Data section start

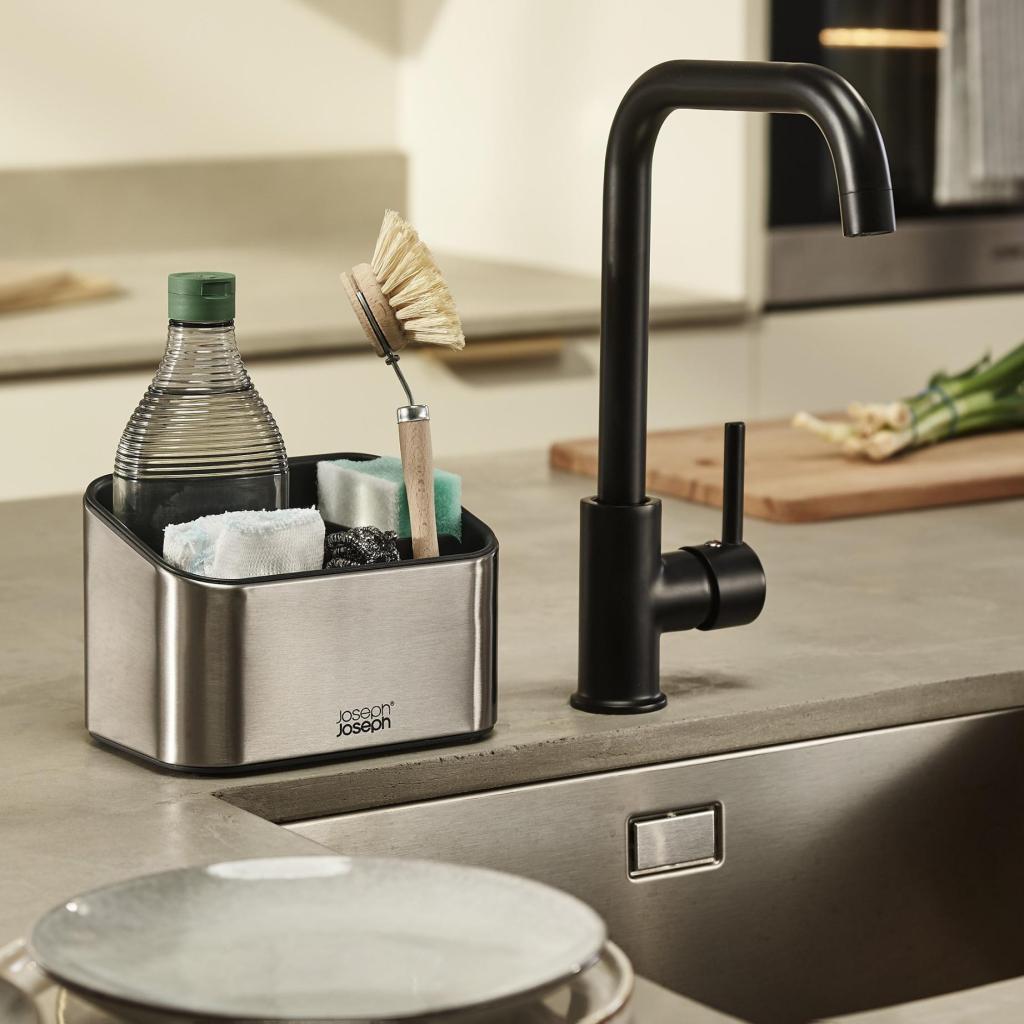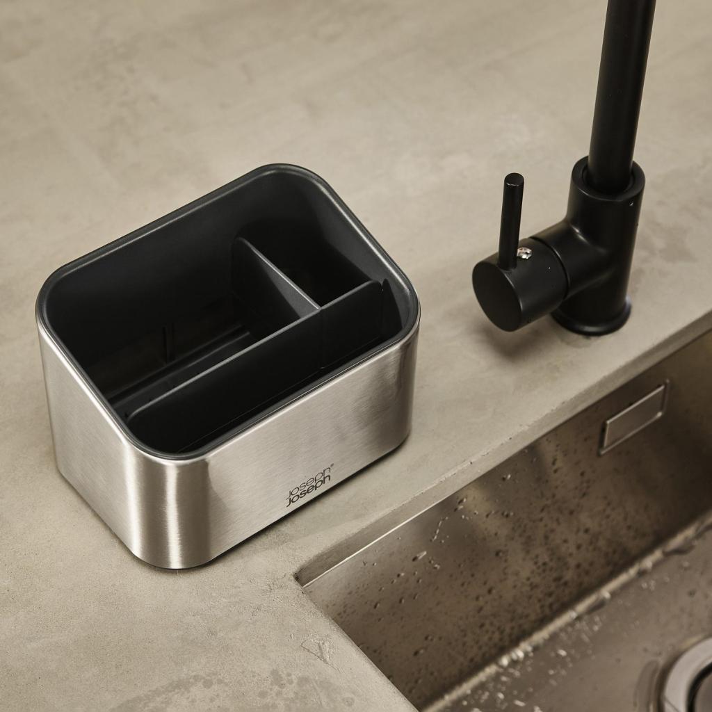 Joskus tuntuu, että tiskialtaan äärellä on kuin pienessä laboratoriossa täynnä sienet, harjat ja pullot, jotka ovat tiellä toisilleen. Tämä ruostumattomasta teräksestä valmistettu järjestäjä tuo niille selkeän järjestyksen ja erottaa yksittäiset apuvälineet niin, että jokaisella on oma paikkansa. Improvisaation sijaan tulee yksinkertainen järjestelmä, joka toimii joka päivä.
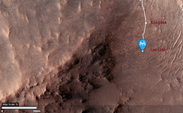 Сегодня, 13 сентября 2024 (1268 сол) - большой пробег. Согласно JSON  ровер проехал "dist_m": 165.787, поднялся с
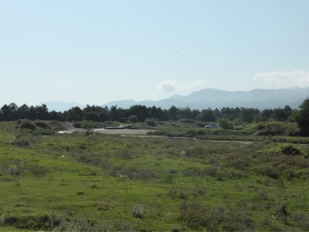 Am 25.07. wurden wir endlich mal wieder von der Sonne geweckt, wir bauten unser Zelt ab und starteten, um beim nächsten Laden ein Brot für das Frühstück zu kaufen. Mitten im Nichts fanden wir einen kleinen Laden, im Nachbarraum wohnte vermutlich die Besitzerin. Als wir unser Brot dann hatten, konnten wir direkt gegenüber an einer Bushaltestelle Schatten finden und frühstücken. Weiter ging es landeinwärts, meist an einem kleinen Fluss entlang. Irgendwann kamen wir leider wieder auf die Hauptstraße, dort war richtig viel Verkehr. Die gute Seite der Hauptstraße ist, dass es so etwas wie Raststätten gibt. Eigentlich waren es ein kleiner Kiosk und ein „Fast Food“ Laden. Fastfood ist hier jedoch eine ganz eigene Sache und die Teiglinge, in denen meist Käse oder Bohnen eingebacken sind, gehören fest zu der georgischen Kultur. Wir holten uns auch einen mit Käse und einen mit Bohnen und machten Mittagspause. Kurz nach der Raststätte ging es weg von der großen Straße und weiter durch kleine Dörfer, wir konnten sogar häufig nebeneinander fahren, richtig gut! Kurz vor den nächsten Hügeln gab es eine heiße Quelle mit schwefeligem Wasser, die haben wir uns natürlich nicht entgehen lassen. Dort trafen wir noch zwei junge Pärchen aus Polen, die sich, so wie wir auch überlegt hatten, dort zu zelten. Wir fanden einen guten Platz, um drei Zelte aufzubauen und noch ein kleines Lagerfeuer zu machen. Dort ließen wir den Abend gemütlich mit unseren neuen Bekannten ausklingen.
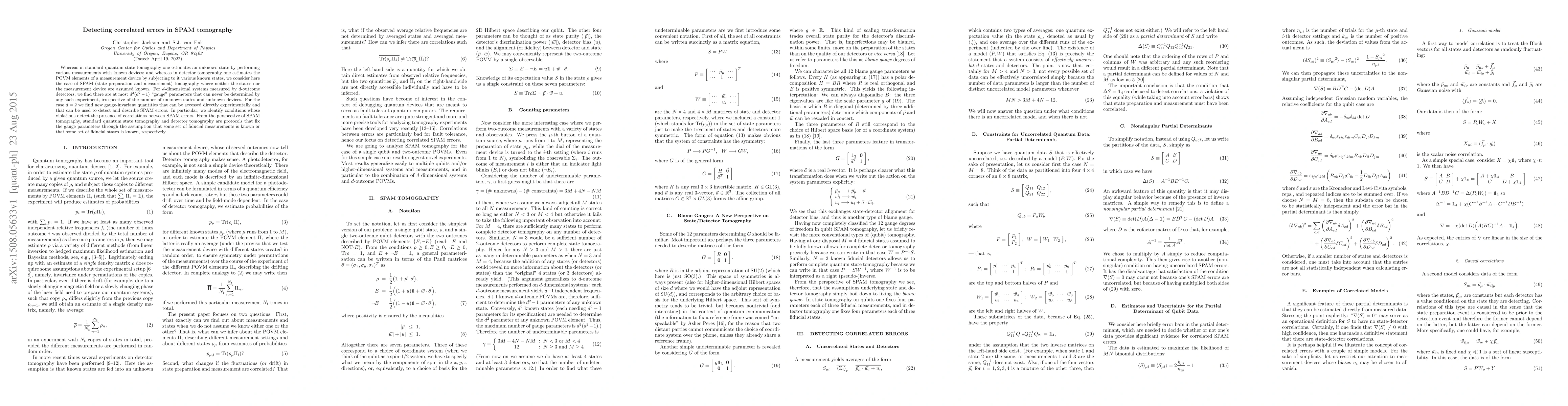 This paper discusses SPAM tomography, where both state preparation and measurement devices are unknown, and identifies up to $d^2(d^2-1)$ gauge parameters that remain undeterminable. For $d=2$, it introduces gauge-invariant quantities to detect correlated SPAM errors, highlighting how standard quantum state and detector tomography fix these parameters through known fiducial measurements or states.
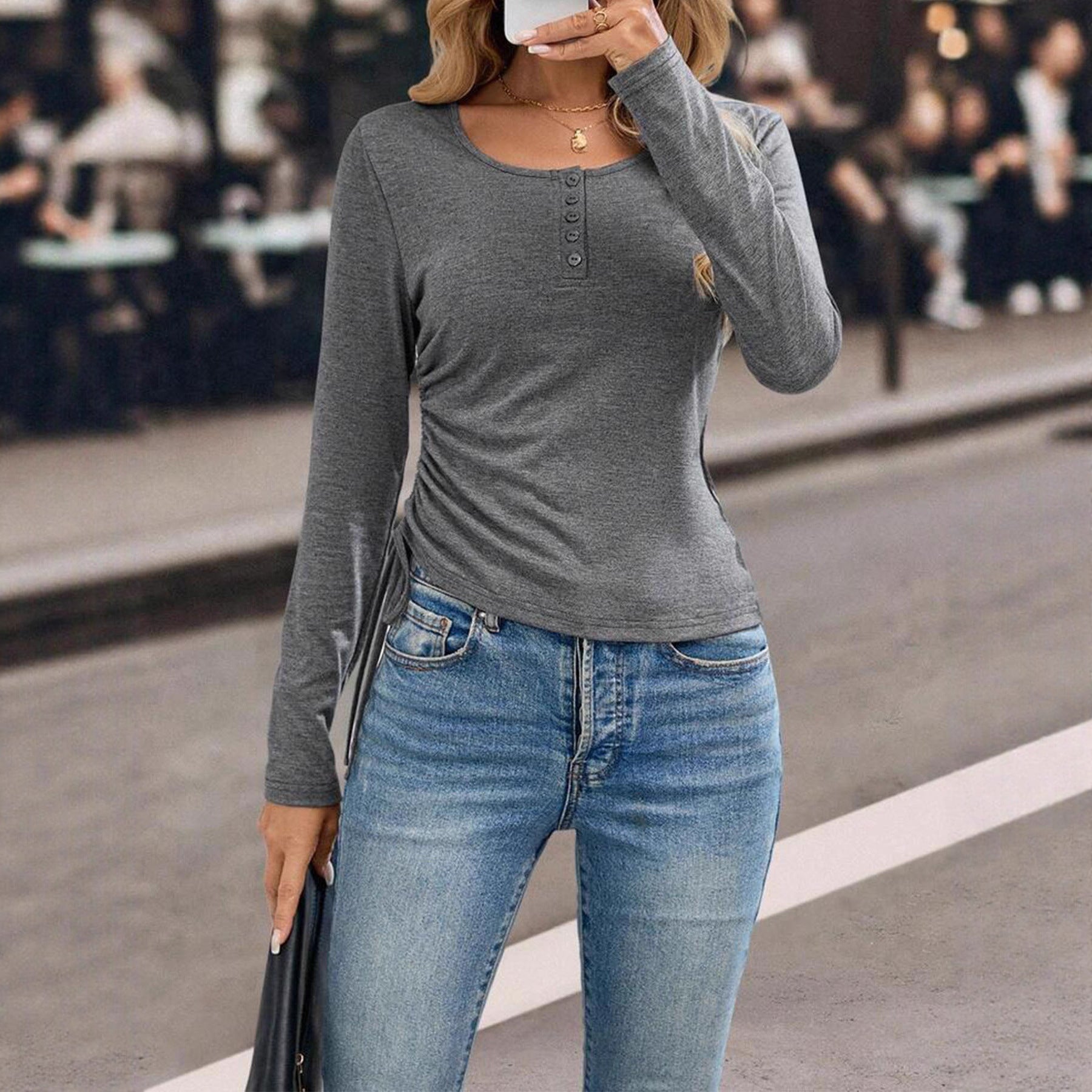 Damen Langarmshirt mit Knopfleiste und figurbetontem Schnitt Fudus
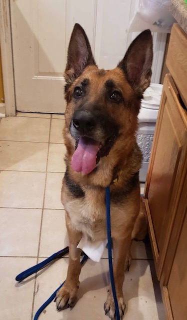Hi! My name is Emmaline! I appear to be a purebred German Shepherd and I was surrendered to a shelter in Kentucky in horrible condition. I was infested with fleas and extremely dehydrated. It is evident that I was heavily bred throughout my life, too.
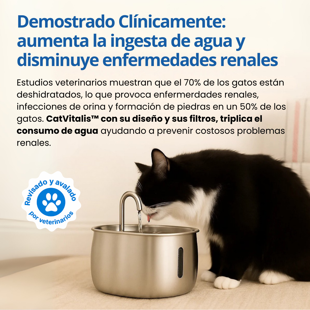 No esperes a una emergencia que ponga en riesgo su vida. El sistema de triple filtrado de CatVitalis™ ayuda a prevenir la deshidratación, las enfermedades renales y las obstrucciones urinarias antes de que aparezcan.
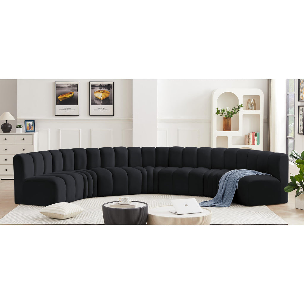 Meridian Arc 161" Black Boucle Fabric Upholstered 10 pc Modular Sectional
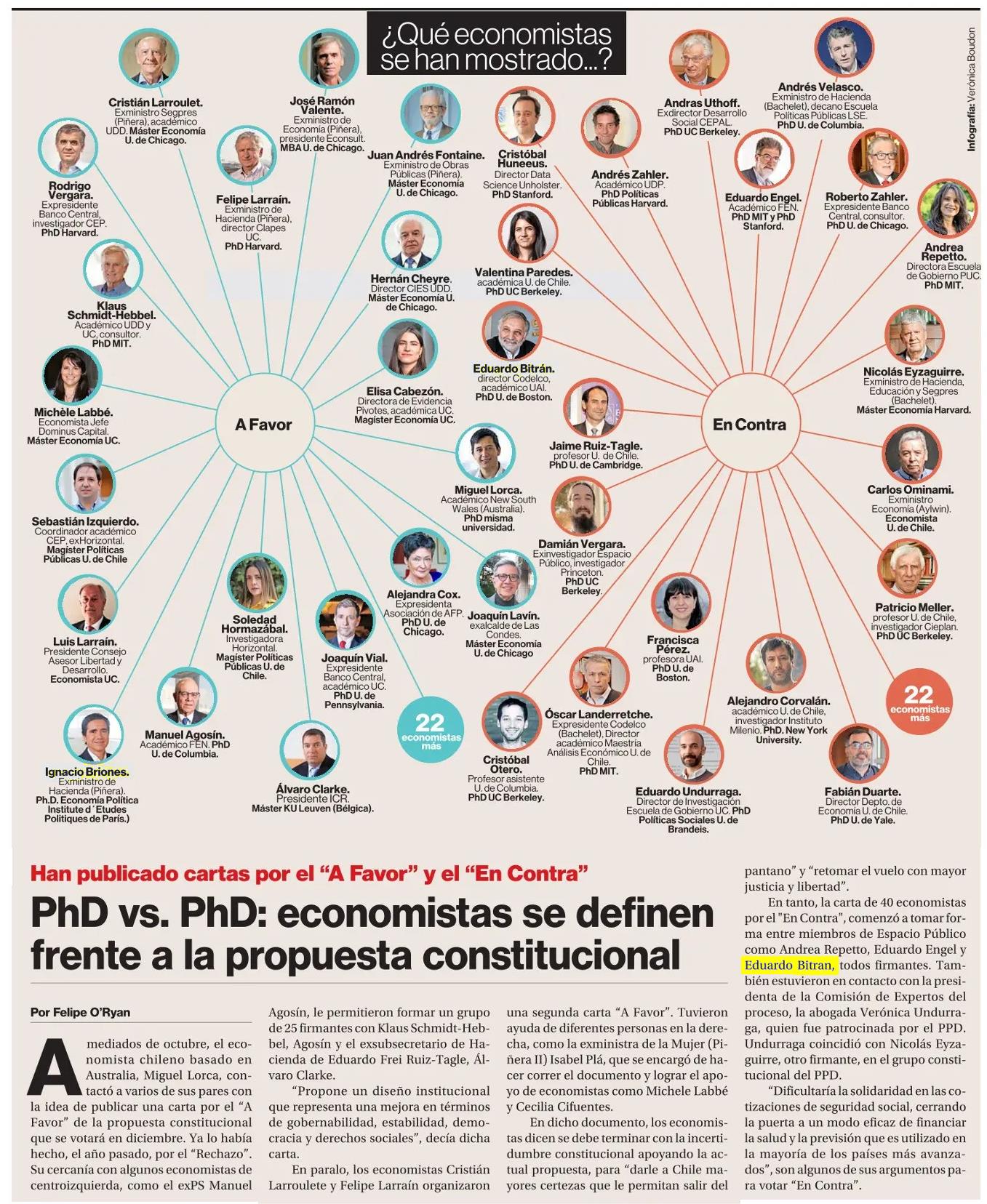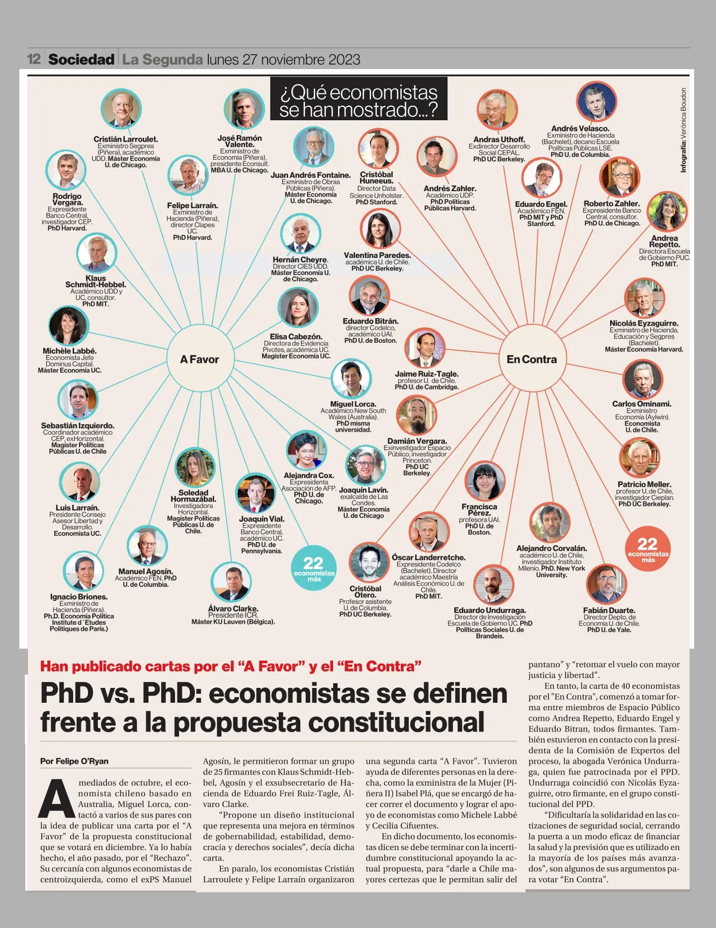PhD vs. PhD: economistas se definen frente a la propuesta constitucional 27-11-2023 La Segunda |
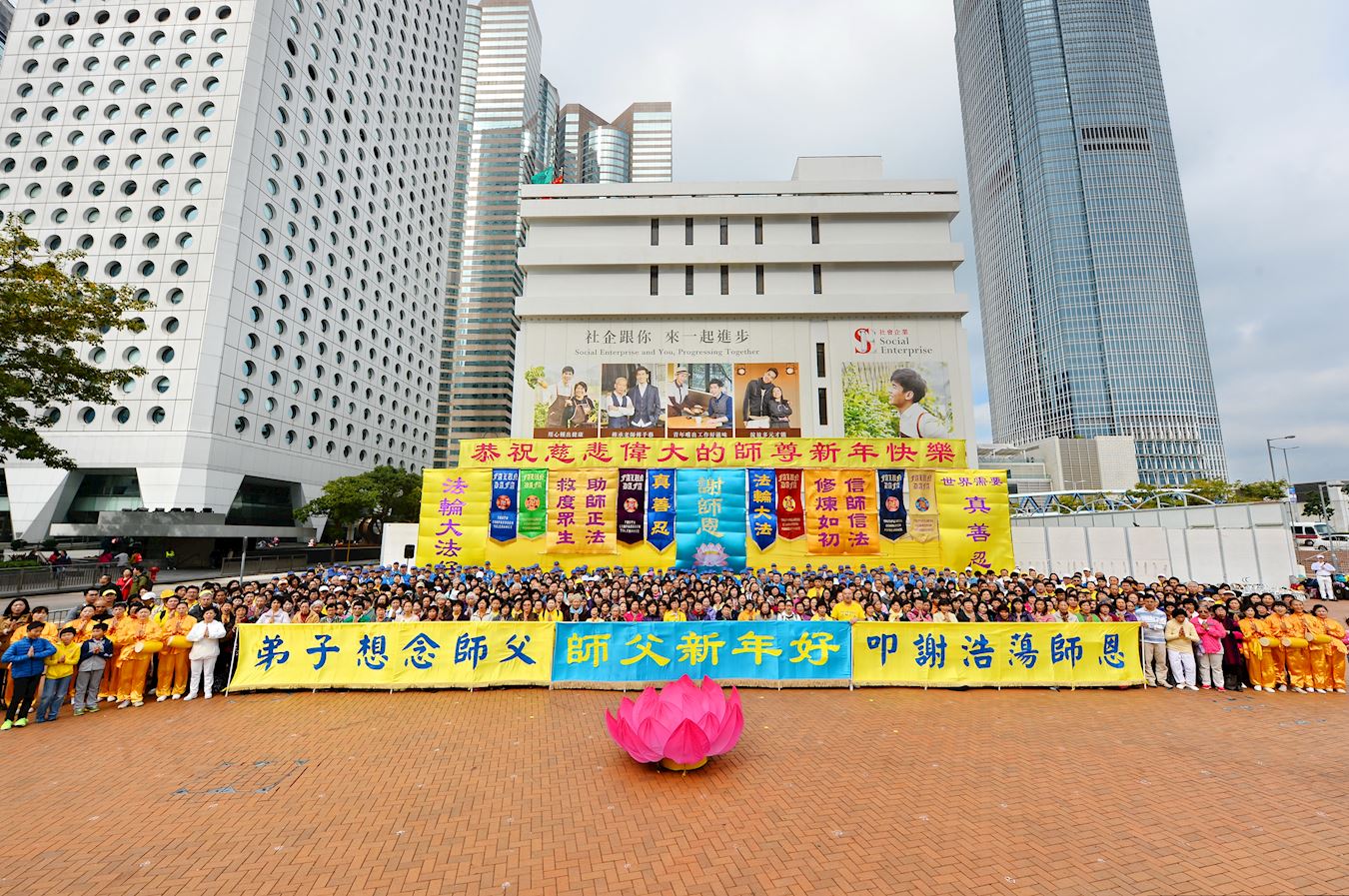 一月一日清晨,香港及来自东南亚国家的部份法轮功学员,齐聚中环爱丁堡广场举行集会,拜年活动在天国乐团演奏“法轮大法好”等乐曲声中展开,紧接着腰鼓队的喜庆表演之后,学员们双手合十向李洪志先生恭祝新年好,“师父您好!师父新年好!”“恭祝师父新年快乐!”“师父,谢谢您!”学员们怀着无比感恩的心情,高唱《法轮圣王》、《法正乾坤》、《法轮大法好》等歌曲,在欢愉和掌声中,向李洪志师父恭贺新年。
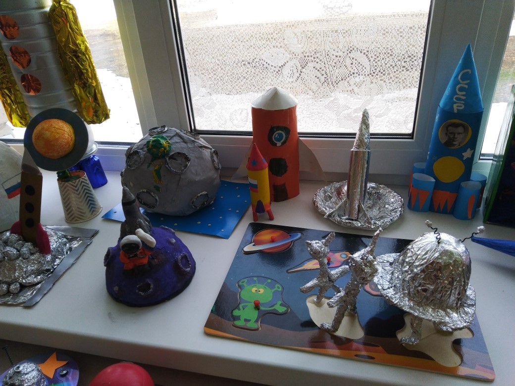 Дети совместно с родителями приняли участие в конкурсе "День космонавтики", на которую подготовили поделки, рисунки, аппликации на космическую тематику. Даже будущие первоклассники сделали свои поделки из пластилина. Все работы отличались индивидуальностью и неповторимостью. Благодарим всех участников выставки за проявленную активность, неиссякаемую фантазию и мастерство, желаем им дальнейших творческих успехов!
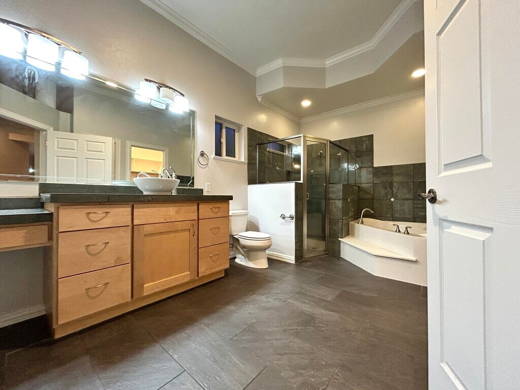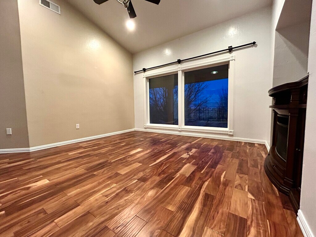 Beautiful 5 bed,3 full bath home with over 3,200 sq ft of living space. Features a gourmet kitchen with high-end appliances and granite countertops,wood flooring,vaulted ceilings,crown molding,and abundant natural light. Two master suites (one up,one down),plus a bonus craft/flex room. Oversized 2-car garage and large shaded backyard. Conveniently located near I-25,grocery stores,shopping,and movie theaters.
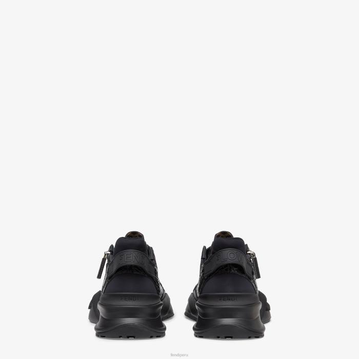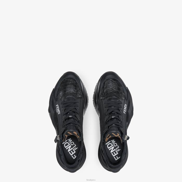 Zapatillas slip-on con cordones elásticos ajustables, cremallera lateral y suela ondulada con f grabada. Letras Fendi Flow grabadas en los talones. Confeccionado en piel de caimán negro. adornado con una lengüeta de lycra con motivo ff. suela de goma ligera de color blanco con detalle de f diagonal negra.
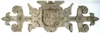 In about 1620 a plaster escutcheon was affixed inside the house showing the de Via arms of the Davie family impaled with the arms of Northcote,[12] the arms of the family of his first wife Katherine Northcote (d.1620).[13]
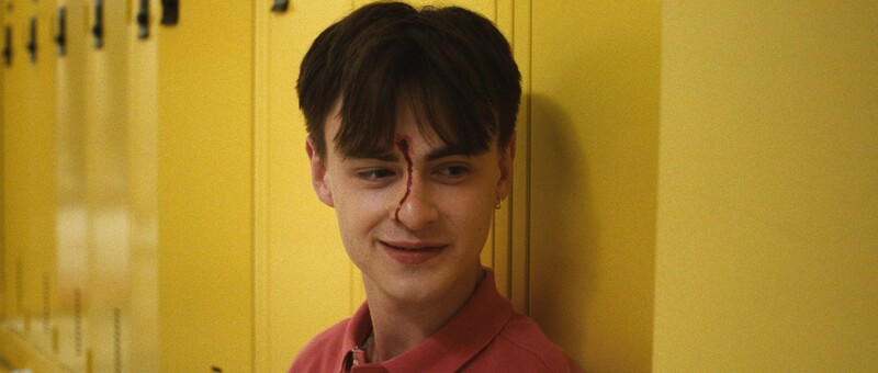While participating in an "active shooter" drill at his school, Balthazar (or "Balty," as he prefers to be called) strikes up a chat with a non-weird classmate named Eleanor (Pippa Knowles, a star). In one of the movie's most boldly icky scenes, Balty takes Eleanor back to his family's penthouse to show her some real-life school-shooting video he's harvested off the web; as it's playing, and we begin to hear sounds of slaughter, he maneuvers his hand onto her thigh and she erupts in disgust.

Data section end

◆ **Work instructions**: With the pictures left out, write out exactly the lines above from the one containing "Damen Langarmshirt mit" through the one containing "Beautiful 5 bed,3".

◆ **Reply to the task**:
 Damen Langarmshirt mit Knopfleiste und figurbetontem Schnitt Fudus
Hi! My name is Emmaline! I appear to be a purebred German Shepherd and I was surrendered to a shelter in Kentucky in horrible condition. I was infested with fleas and extremely dehydrated. It is evident that I was heavily bred throughout my life, too.
 No esperes a una emergencia que ponga en riesgo su vida. El sistema de triple filtrado de CatVitalis™ ayuda a prevenir la deshidratación, las enfermedades renales y las obstrucciones urinarias antes de que aparezcan.
 Meridian Arc 161" Black Boucle Fabric Upholstered 10 pc Modular Sectional
PhD vs. PhD: economistas se definen frente a la propuesta constitucional 27-11-2023 La Segunda |
 一月一日清晨,香港及来自东南亚国家的部份法轮功学员,齐聚中环爱丁堡广场举行集会,拜年活动在天国乐团演奏“法轮大法好”等乐曲声中展开,紧接着腰鼓队的喜庆表演之后,学员们双手合十向李洪志先生恭祝新年好,“师父您好!师父新年好!”“恭祝师父新年快乐!”“师父,谢谢您!”学员们怀着无比感恩的心情,高唱《法轮圣王》、《法正乾坤》、《法轮大法好》等歌曲,在欢愉和掌声中,向李洪志师父恭贺新年。
 Дети совместно с родителями приняли участие в конкурсе "День космонавтики", на которую подготовили поделки, рисунки, аппликации на космическую тематику. Даже будущие первоклассники сделали свои поделки из пластилина. Все работы отличались индивидуальностью и неповторимостью. Благодарим всех участников выставки за проявленную активность, неиссякаемую фантазию и мастерство, желаем им дальнейших творческих успехов!
 Beautiful 5 bed,3 full bath home with over 3,200 sq ft of living space. Features a gourmet kitchen with high-end appliances and granite countertops,wood flooring,vaulted ceilings,crown molding,and abundant natural light. Two master suites (one up,one down),plus a bonus craft/flex room. Oversized 2-car garage and large shaded backyard. Conveniently located near I-25,grocery stores,shopping,and movie theaters.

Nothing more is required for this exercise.